For a fixed choice of $T$, $a$ and $b$ we get a specific family of exponential distribution, we get different distributions belonging to this family by varying $\eta$.

Bernoulli distribution belongs to the exponential family of distribution - 
$$\begin{align*}
p(y;\phi) &= \phi^y(1-\phi)^{(1-y)} \\
&= exp(ln(\phi^y(1-\phi)^{1-y})) \\
&= exp(ln(\frac{\phi}{1-\phi})y + ln(1 - \phi))
\end{align*}
$$

- $T(y) = y$
- $\eta = ln(\frac{\phi}{1-\phi})$
- $\phi = \frac{1}{1 + e^{-\eta}}$
- $b(y) = 1$
- $a(\eta) = -ln(1 - \phi) = ln(1 + e^\eta)$

Gaussian Distribution belongs to the exponential family of distribution as well. As the optimal value of $\theta$ or $h(\theta)$ doesn't depend on the value of $\sigma^2$ we can choose it be of a constant value. Let $\sigma^2 = 1$ 
$$\begin{align*}
p(y;\mu) &= \frac{1}{\sqrt{2\pi}}exp(-\frac{1}{2}(y - \mu)^2)\\
&= \frac{1}{\sqrt{2\pi}}exp(-\frac{1}{2}y^2)exp(y\mu - \frac{1}{2}\mu^2)
\end{align*}
$$ 

- $T(y) = y$
- $\eta = \mu$
- $b(y) = \frac{1}{\sqrt{2\pi}}exp(-\frac{1}{2}y^2)$
- $a(\eta) = \frac{1}{2}{\eta^2}$

Other examples of distributions belonging to the exponential family include - 
- Multinomial Distribution 
- Poisson Distribution 
- Gamma Distribution 
- Exponential Distribution 
- Beta Distribution, e.t.c.


### Constructing a Generalized Linear Model
Let us assume that we are modelling the footfall on our website on a given day. We can use the poisson distribution to model this problem. As poisson is belongs to the GLM, we can fit a GLM to model our problem. We make the following assumptions - 
- $y|x;\theta \sim ExponentialFamily(\eta)$ - Given $x$ and $\theta$ i.e. given $x$ and $\theta$ the distribution of $y$ follows some exponential family with parameter $\eta$.
- Given $x$ our goal is to predict the expected value of $T(y)$ given $x$. In most of our examples, we will have $T(y) = y$. $\therefore$ $$h(x) = E[y|x]$$ 
- The natural/canonical parameter $\eta$ is defined as - 
$$
\eta = \theta^Tx
$$

Using these assumption we can derive the $h(\theta)$ of linear and logistic regression.

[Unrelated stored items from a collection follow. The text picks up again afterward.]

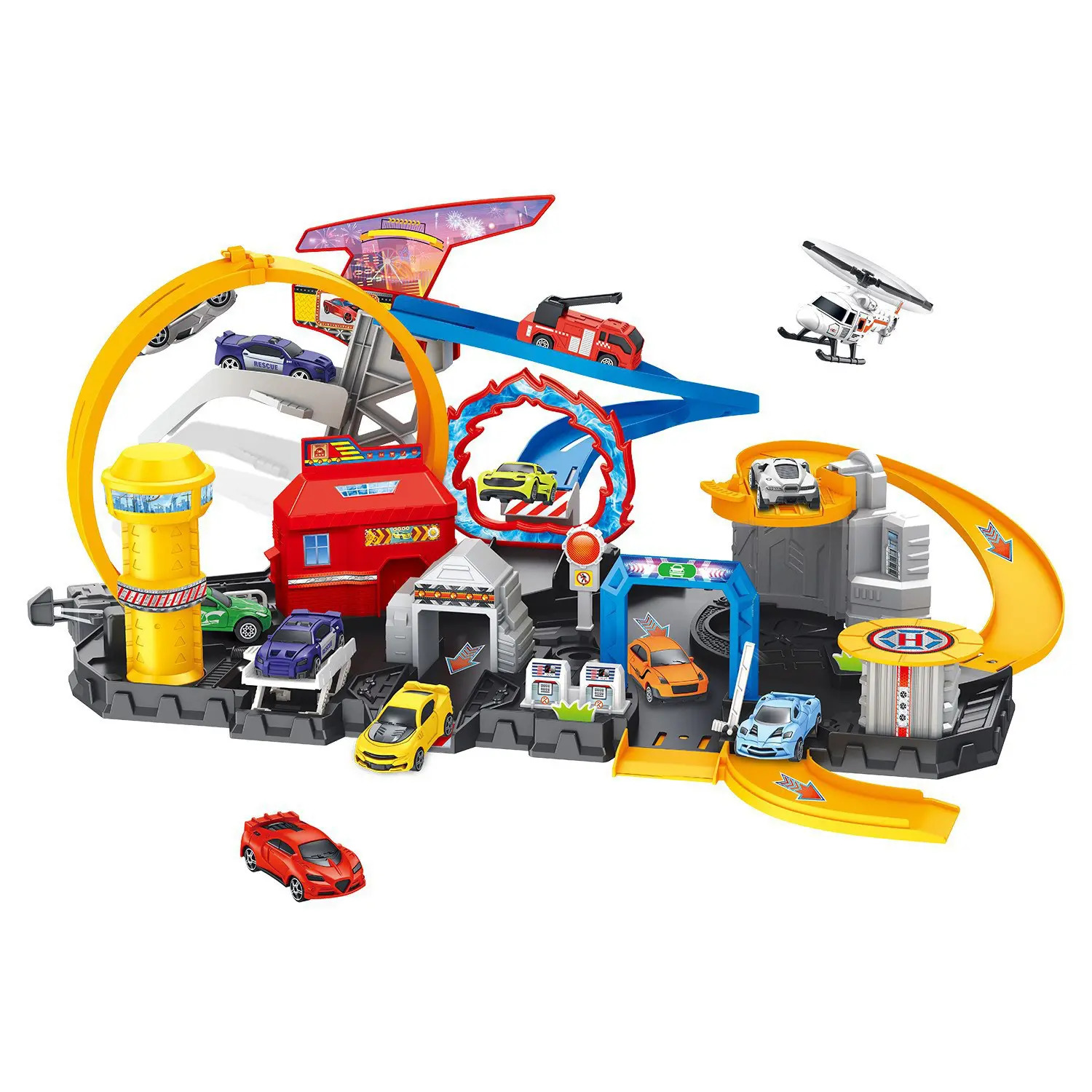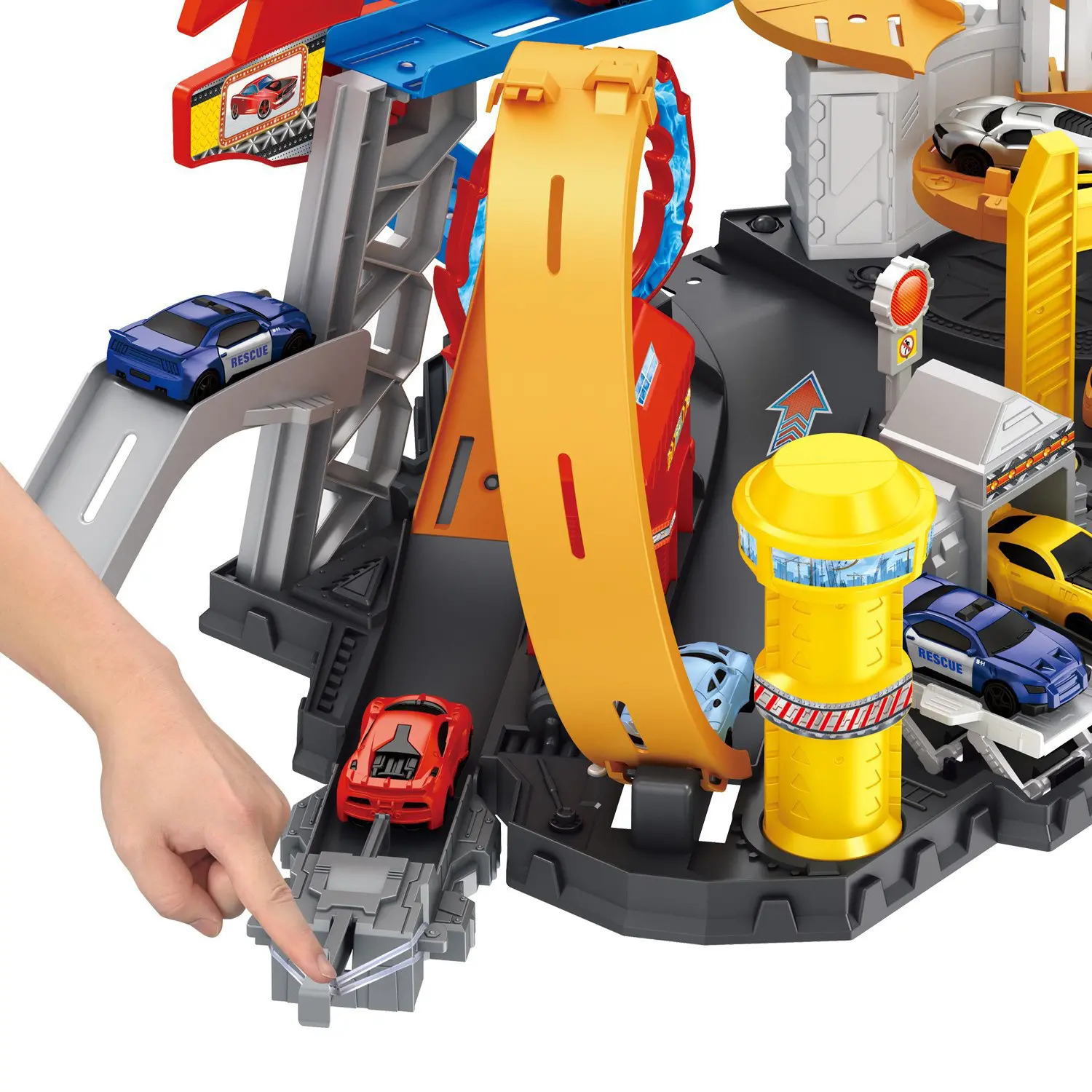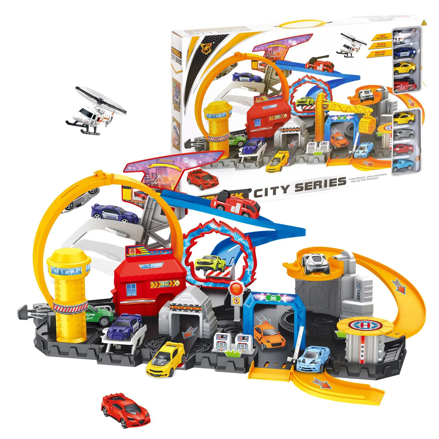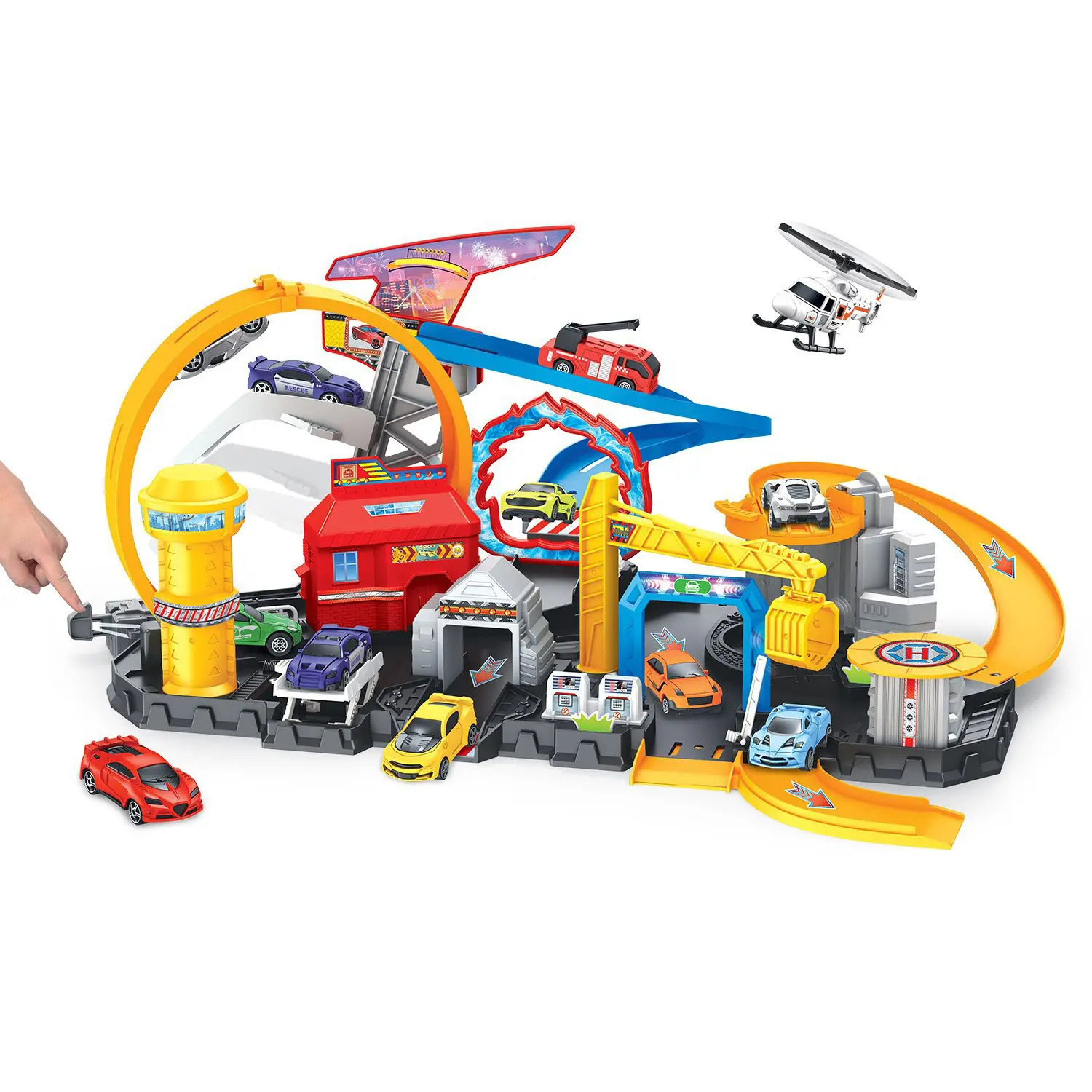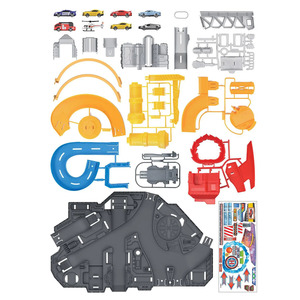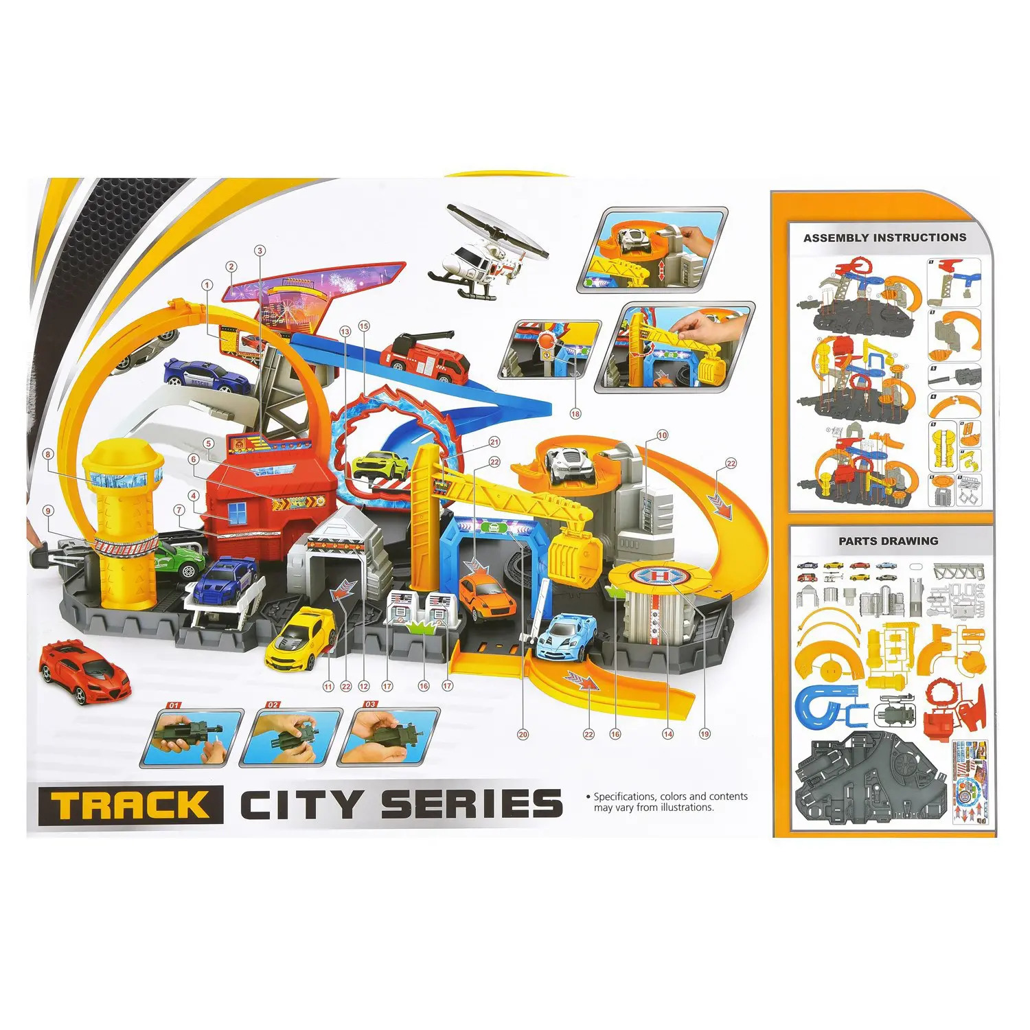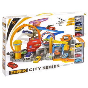 Комплектность: парковка-трек сборно-разборная (подробный состав указан на упаковке), машинка – 7 шт., вертолет – 1 шт.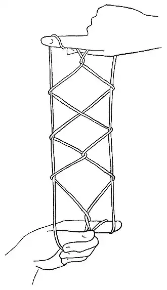 This game is really only a continuation of the "Turtle," but I have made it a separate figure, provisionally, because I saw the Philippine Linao Moros at the St. Louis Exposition form it from another figure which I could not record, but I think it was the same as "Bagobo Diamonds." Subsequently I learned the figure, as a part of the "Turtle," from Dr. Furness, who collected it in the Caroline Islands from the Uap girl "Dakofel."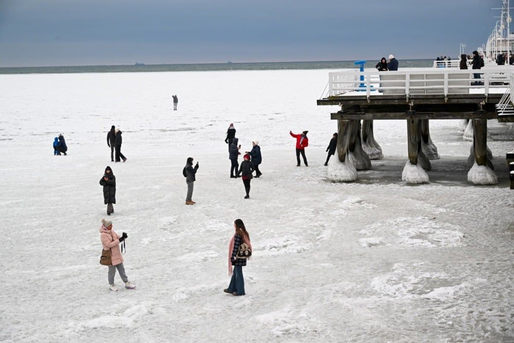 توافد الزوار على بحر البلطيق المغطى بالجليد في سوبوت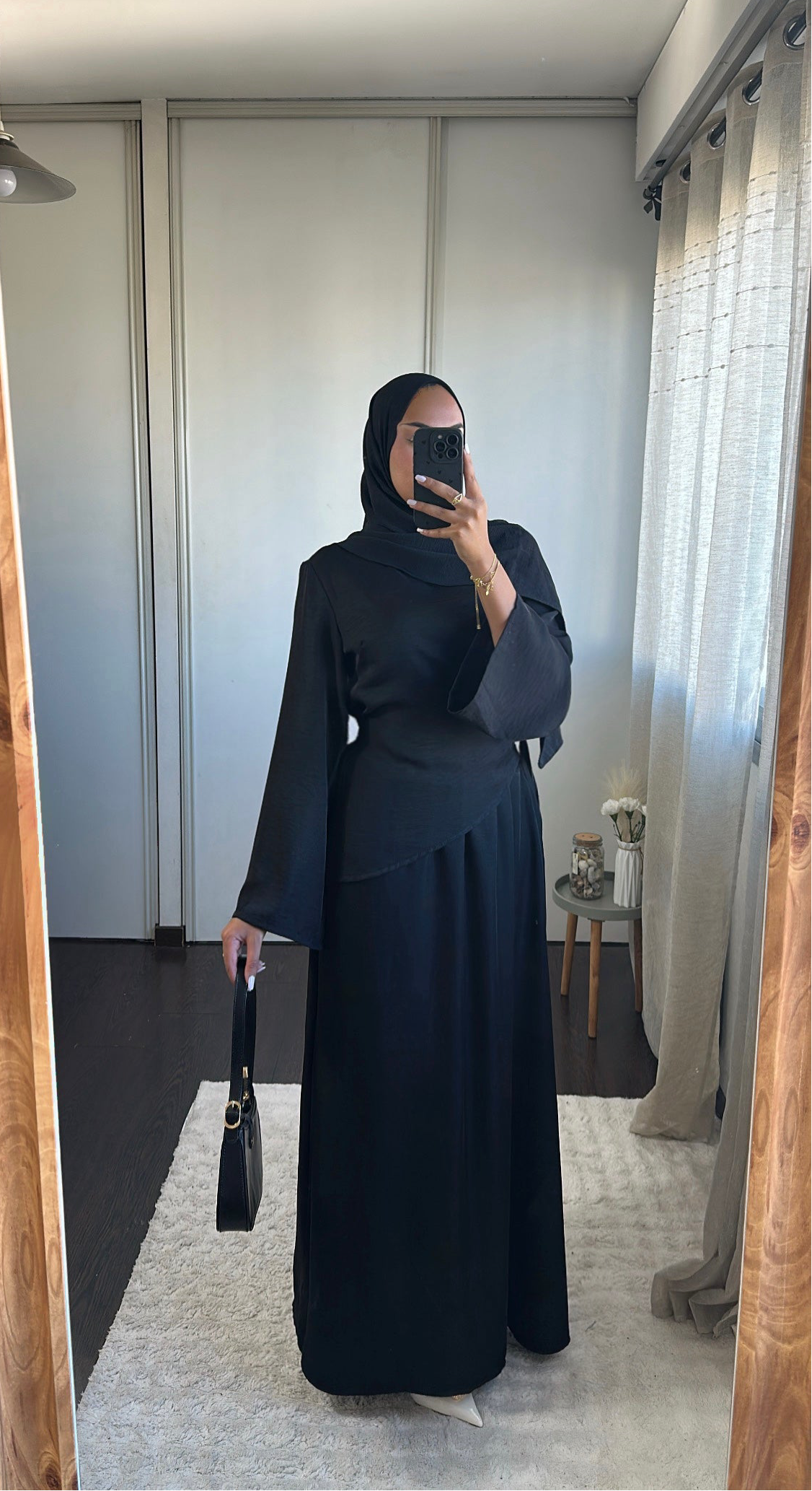 •Ensemble deux pièces raffiné composé d’une jupe longue fluide et top asymétrique

#### 1. OLS - Linear Regression - 

Assumptions 
1. $$y|x \sim N(\mu, \sigma^2)$$
2. $$\eta = \theta^Tx$$
3. $$T(y) = y $$
$\therefore$
$$\begin{align*}
h(y) &= E[T(y)|x] \\
&= E[y|x] \\
&= \mu \\
&= \eta \\
&= \theta^Tx \\
\end{align*}
$$
Which the formulation of the hypothesis for the Linear Regression we came with in chapter 1.

#### Logistic Regression (Binary Classification)
1. $$y|x \sim Bernouli(\phi)$$
2. $$\eta = \theta^Tx$$
3. $$T(y) = y$$
$\therefore$
$$\begin{align*}
h(x) &= E[T(y);\eta] \\
&= E[y|x;\theta] \\
&= \phi^y(1 - \phi)^{1 - y} \\
&= (\frac{1}{1 + e^{-\eta}})^y(\frac{e^{-\eta}}{1 + e^{-\eta}})^{1-y} \\
&= (\frac{e^{-\eta}}{1 + e^{-\eta}})e^{\eta} \\
&= (\frac{1}{1 + e^{-\eta}}) \\ 
&= \frac{1}{1 + e^{-\theta^Tx}}
\end{align*}
$$

Which is the formulation of the hypothesis for the Logistic Regression for binary classification.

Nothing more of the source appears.